Usenkov a présenté au public la célèbre formule : revenus – coûts variables – coûts fixes = profit. Il a demandé pourquoi nous divisons les coûts en fixes et variables. Il a ensuite conseillé aux propriétaires d’entreprises de faire une liste priorisée de leurs souhaits à condition que les ventes dans l’entreprise et le prix du produit augmentent de dix pour cent. En même temps, le ‘poisson d’or’ réduit les coûts variables et fixes de dix pour cent, entraînant une croissance significative du profit. Il a ensuite demandé aux participants de la conférence ce qu’ils pensent de l’un des quatre facteurs énumérés ayant le plus grand impact sur la croissance du profit. L’enquête a montré que la plupart des participants souhaitent des coûts variables plus bas et un prix de produit plus élevé, indiquant qu’ils ont une bonne intuition entrepreneuriale mais n’utilisent pas suffisamment les instruments de contrôle.

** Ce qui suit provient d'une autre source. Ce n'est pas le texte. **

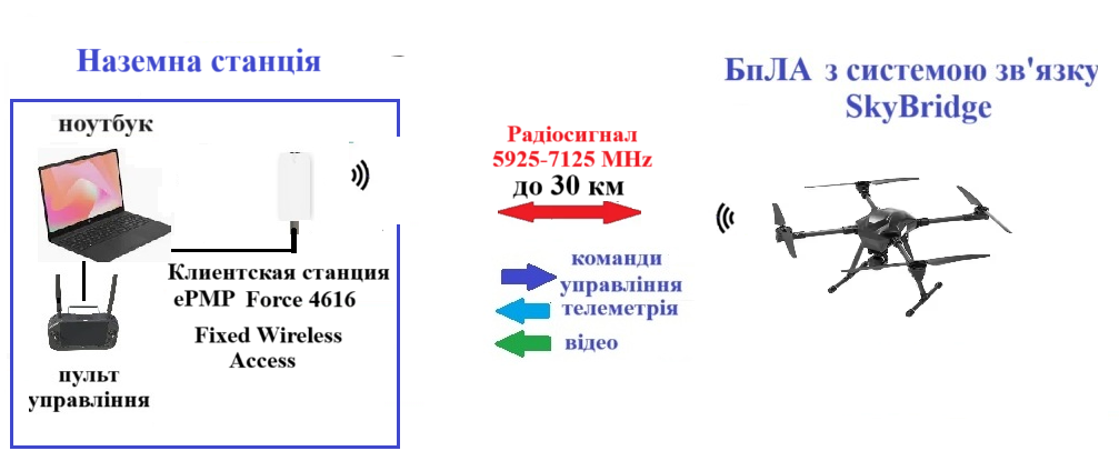 Наземна станція складається з клієнтського пристрою   Fixed Wireless Accces  (FWA) 6 GHz , ноутбука і пульта управління. На борту БПЛА розміщується плата (комунікаційний FWA модуль)  Fixed Wireless Accces 6 GHz з  антеною, з якої забезпечується  зв’язок   з Наземною  Станцією  на частоті 5925-7125 МГц .
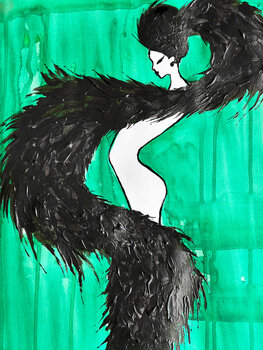 In dit elegante werk heb ik een Art Deco-visie van een abstracte vrouw uitgebeeld, balancerend tussen retrostijl en klassieke chic. De compositie toont een semi-abstracte vrouw wiens vrouwelijke figuur naar voren komt in gewaagde rondingen, die de schoonheid van het naakte vrouwenlichaam vieren. Haar delicate portret hint naar een tijdloze elegantie, terwijl haar gezicht de uitstraling van een cabaretdanseres heeft. Omringd door glamoureuze donkere… veren wordt ze zowel een muze als een performer, en roept ze de sfeer van cabaret op met mysterie en allure. De smaragdgroene achtergrond met druipende texturen creëert een dramatisch contrast en versterkt het sensuele ritme van haar silhouet. Ik wilde de sensualiteit van de vrouwelijke heupen, de subtiele aanwezigheid van de vrouwelijke billen en de gratie van de vrouwelijke vorm in beweging benadrukken. Dit schilderij legt de essentie vast van een cabaretdanseres gehuld in glamour, waar abstractie en vrouwelijkheid verweven zijn. Het is mijn interpretatie van een vrouw die tegelijkertijd sterk en kwetsbaar is.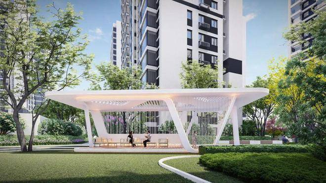 六园景观组团分布在不同楼栋之间,由高中低三层次景观树种搭配而成,让业主在不同时节归家,都有四季如春的感觉,与自然绿意相互触碰。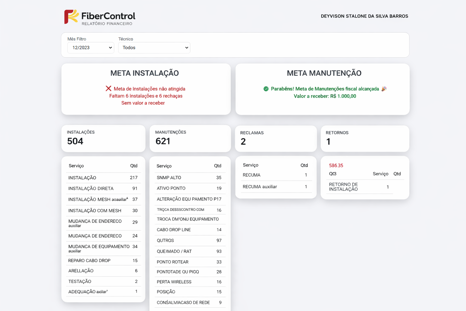 Sou o criador do FiberControl, um sistema em produção desenvolvido para centralizar informações operacionais e financeiras, automatizar rotinas e fornecer visibilidade real para tomada de decisão. Não se trata de um projeto conceitual, mas de uma solução utilizada no dia a dia, lidando com regras de negócio, dados sensíveis e operação contínua.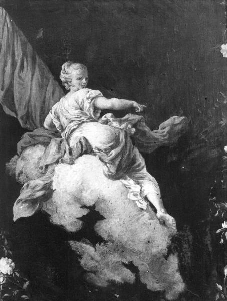 - NOTIZIE STORICO CRITICHE All'interno del nucleo di opere riferibili alla bottega dei Marcola, i nn. P 39, P 40, P 48, P 45, P 52, P 53 si presentano omogenei per le caratteristiche del supporto (un legno opportunamente incurvato), per la scelta di un fondo scuro e per la presenza di una bordura floreale, in gran parte coperta dall'attuale cornice dorata. Si tratta di riferimenti che farebbero pensare alla provenienza da un elemento di arredo o, più probabilmente, da una portantina. Inoltre, a differenza dei nn. P 42 e P 51, già riferiti a Giambattista da Tadini 1828 e 1837 e quindi dalla successiva bibliografia (e ora restituiti a Nicola Marcola), e ai nn. P 43 e P 50, diversi per formato, già riferiti da Tadini a Nicola, e ora a Marco, i pannelli in esame godono di un costante riferimento a Marco, confermato da tutta la critica successiva.\nM. Albertario

– Le contrôle peut rapidement vous dire qu’une augmentation de 10 pour cent de la quantité vendue entraîne une augmentation de 63 pour cent du profit ; un prix 10 pour cent plus élevé entraîne une augmentation de 96 pour cent du profit. De même, une réduction de 10 pour cent des coûts variables entraîne une augmentation de 42 pour cent des bénéfices, et un coût fixe plus bas entraîne une augmentation de 53 pour cent des bénéfices, conclut Usenkov.

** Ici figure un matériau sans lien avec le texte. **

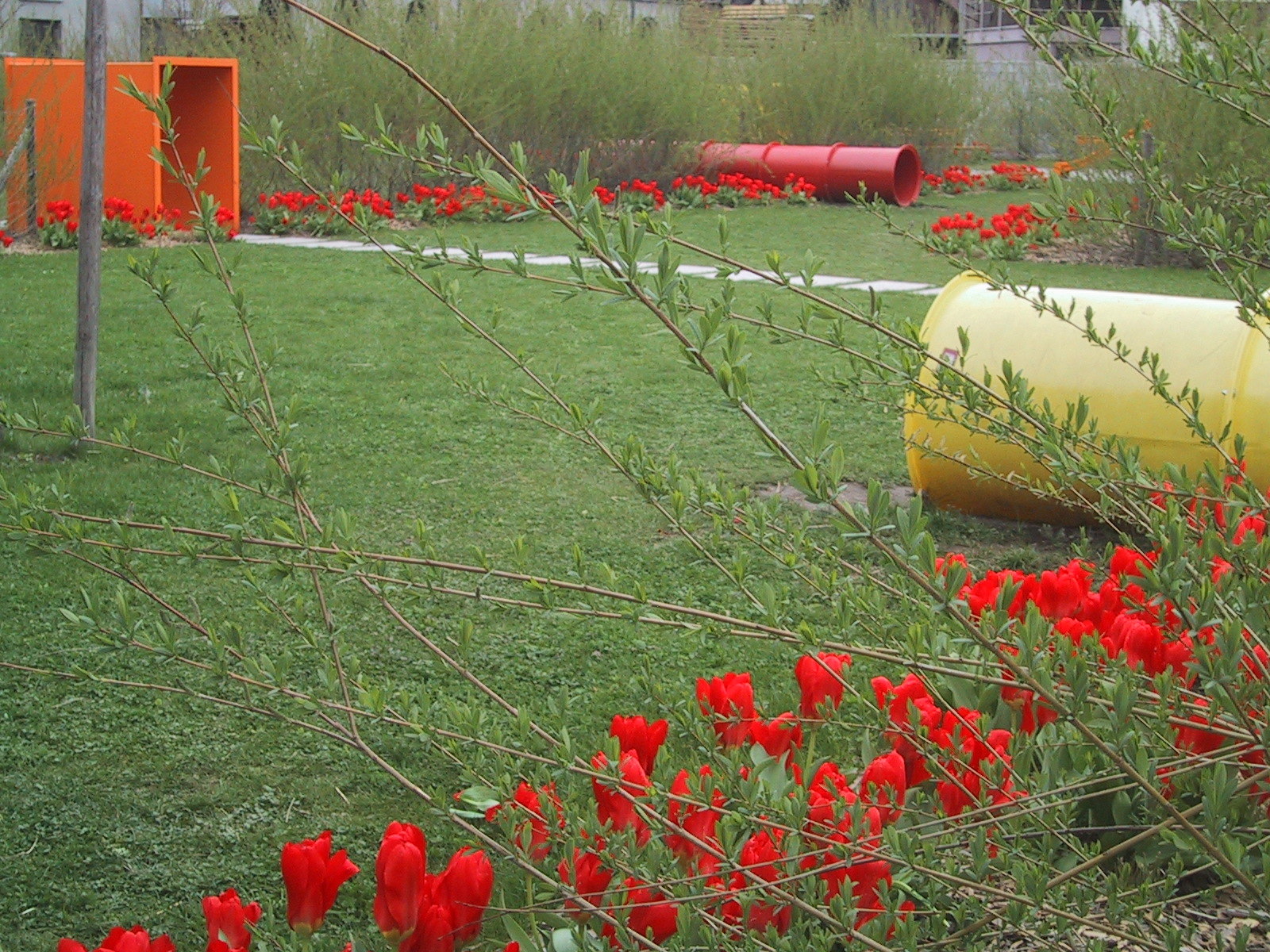 Der ehemalige Villengarten hat den verwunschenen Charme eines „Dornröschengartens“: Er ist von Buchshecken und weiß blühenden Strauchrosen umschlossen. Verschlungene Wege führen zwischen verschiedenen Koniferen und altehrwürdigen Parkbäumen hindurch. Klammerförmige Weidenhecken bilden eine räumlich reich gegliederte Spiellandschaft mit differenziert ausgestatteten Spielinseln. Der klar gefasste, mit Seerosen und Binsen bepflanzte Wassergarten bildet zusammen mit der berankten Pergola einen poetischen Ort mit besonderer Aufenthaltsqualität.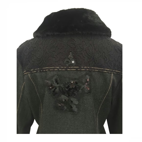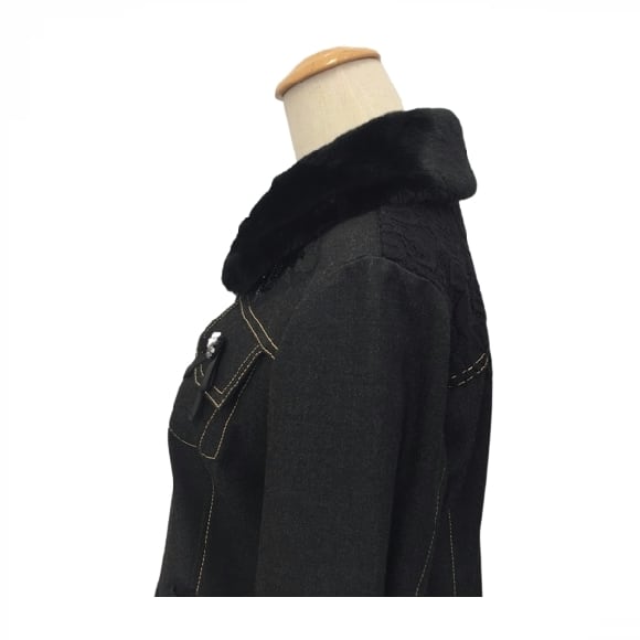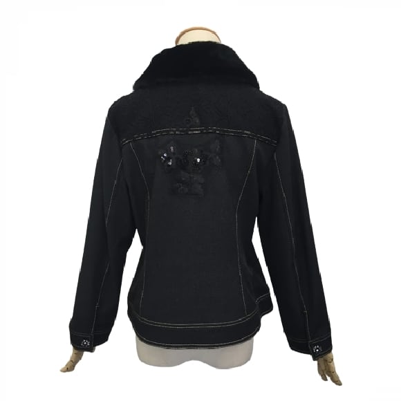 スーパービューティー デニムジャケット 胸元スパンコール 刺しゅう エコファー襟ストレッチデニムJK オーラボー Super Beauty M L LL 40 42 44 ブラック 2227001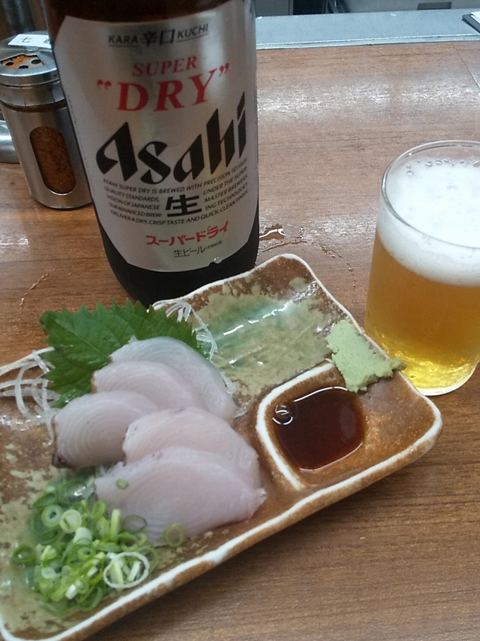人気のお店は既に多くのお客様で賑わったおりましたが、何とか入れて戴きまずはつめたいビールで今朝の作業の完成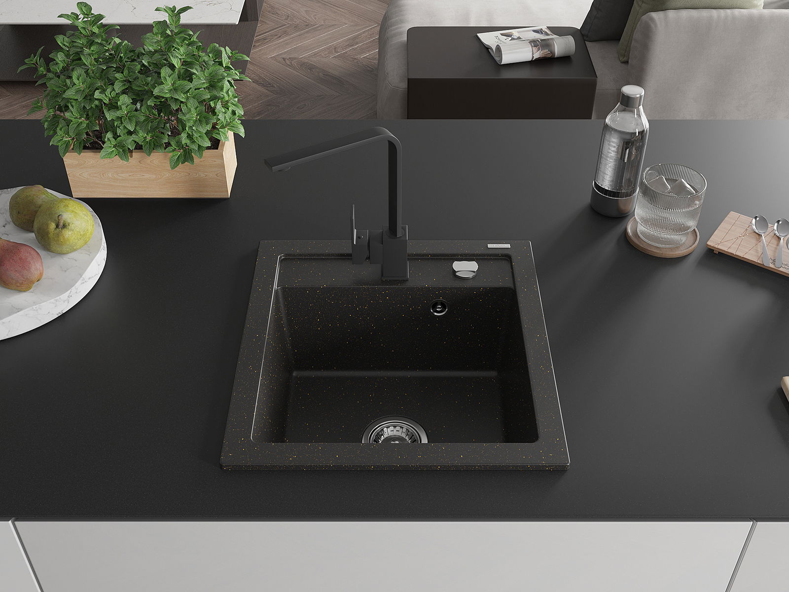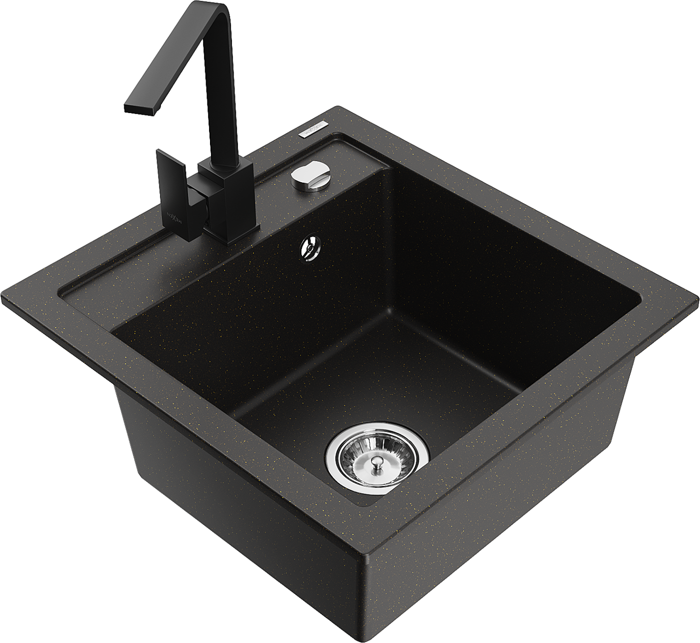 Mexen Vito гранитна кухненска мивка 1-коморова с кухненски смесител Rita, черен/златист металик - 6503-75-670300-70

Pour Aleksander Socha de Ramirent en Pologne, le contrôle était le chemin vers le succès, ce qui était également le titre de sa présentation. Le groupe Ramirent, qui s’occupe de la location de machines, compte plus de 3 100 employés, 200 000 machines et 344 succursales à travers l’Europe.

Selon lui, les contrôleurs sont trop souvent perçus comme des inspecteurs dans les entreprises, ce qui crée de la peur parmi les employés, tandis que les contrôleurs sont en réalité des partenaires qui guident l’entreprise vers le bon objectif. Pour atteindre cet objectif, Socha souligne que chaque entreprise a besoin de contrôleurs qui souhaitent être partenaires avec la direction. La direction, en revanche, devrait se demander si elle veut des contrôleurs juste pour économiser des coûts ou si elle a besoin de leurs services en raison de leur expertise professionnelle et des pertes potentielles qui résultent de ne pas utiliser les services des contrôleurs.